We are developing the world’s first enterprise-level Platform-as-a-Service (PaaS) for robots, creating a rare opportunity for an experienced, product-focused engineering professional. The PaaS aims to aid and offer innovative features to handle every part of the product lifecycle required to support and deliver consumer-facing connected machines and services.
Site Reliability Engineering combines skills of software and systems engineering. Your key responsibility is to focus on optimizing existing systems, building infrastructure, and eliminating work through automation to make them more reliable and ensure the highest possible uptime for all users and developers on the rapyuta platform.
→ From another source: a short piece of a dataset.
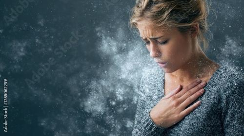 © Thanyaporn, Obraz premium Woman Feeling Cold with Snow Surrounding Her in a Dramatic Atmosphere
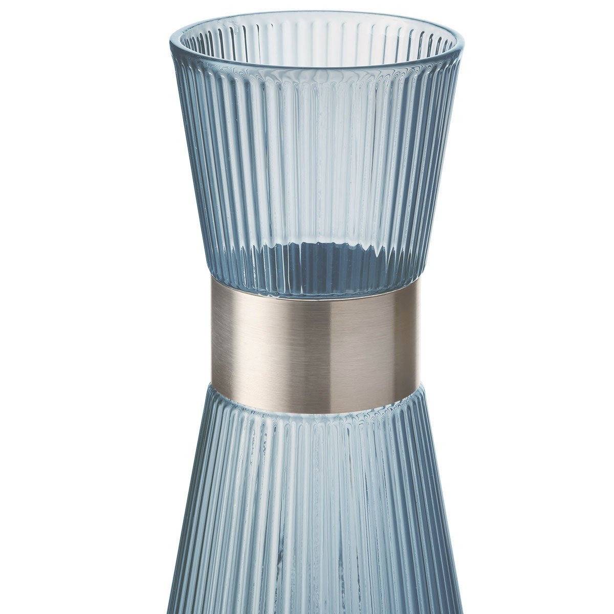 Freunde von funktionellem und schlichtem Design haben ihr Herz schon lange für die Grand Cru Serie von Rosendahl entdeckt. Designer Erik Bagger kreiert mit seinem Blick für Details und seinem besonderen Gefühl für das Zusammenwirken verschiedener Materialien schlichtes und dennoch stilvolles Tafelgeschirr. Jetzt hat Rosendahl die beliebte Serie um die Grand Cru Wasserkaraffe in Aqua erweitert. Servieren Sie eiskaltes Wasser, erfrischende Smoothies oder frisch gepresste Säfte in der modernen Glaskaraffe mit einem Fassungsvermögen von 1 Liter. Aus hellblauem, mundgeblasenem Glas ist die Karaffe zugleich leicht und elegant. Die Rillen-Struktur verleiht ihr eine moderne Optik und findet sich in anderen Produkten der Grand Cru Serie wieder. So kann durch weitere Tischaccessoires eine harmonische und klare Linie auf den Tisch gebracht werden. Außergewöhnlich ist auch die Kombination des Materials Glas mit der patinierten Manschette aus rostfreiem Stahl am Hals der Karaffe. Durch diese bekommt die Wasserkaraffe ein besonders edles Aussehen, das jede gedeckte Tafel im Handumdrehen aufwertet.

Your responsibilities will include the following but not limited to:
- Support services before they go live through activities such as system design consulting, capacity planning, and launch reviews
- Maintain services once they are live by measuring and monitoring availability, latency, and overall system health
- Engage in and improve the whole lifecycle of services—from inception and design, through deployment, operation, and refinement
- Scale systems sustainably through mechanisms like automation, and evolve systems by pushing for changes that improve reliability and velocity
- Practice sustainable incident response and postmortems
- Build and evolve the operations handbook
Requirements
- Bachelor’s degree in Computer Science or a similar technical field of study, or equivalent practical experience with an outstanding track record
- At least 2 years of experience in product development and/or supporting operations
- Mastery of one or more of the following programming languages including but not limited to Python, Golang, Ruby, Bash
- Experience with algorithms, data structures, complexity analysis and software design
- Familiar with Config Management, Docker, IaaS, PaaS, Continuous Delivery, Continuous Integration, DevOps, ChatOps
- Solid understanding of network fundamentals and practical experience troubleshooting networked services
- Demonstrated proficiency with: Linux systems, public cloud platforms, and associated tools/technologies
Nice to haves
These aren’t required, but be sure to mention them in your application if you have them.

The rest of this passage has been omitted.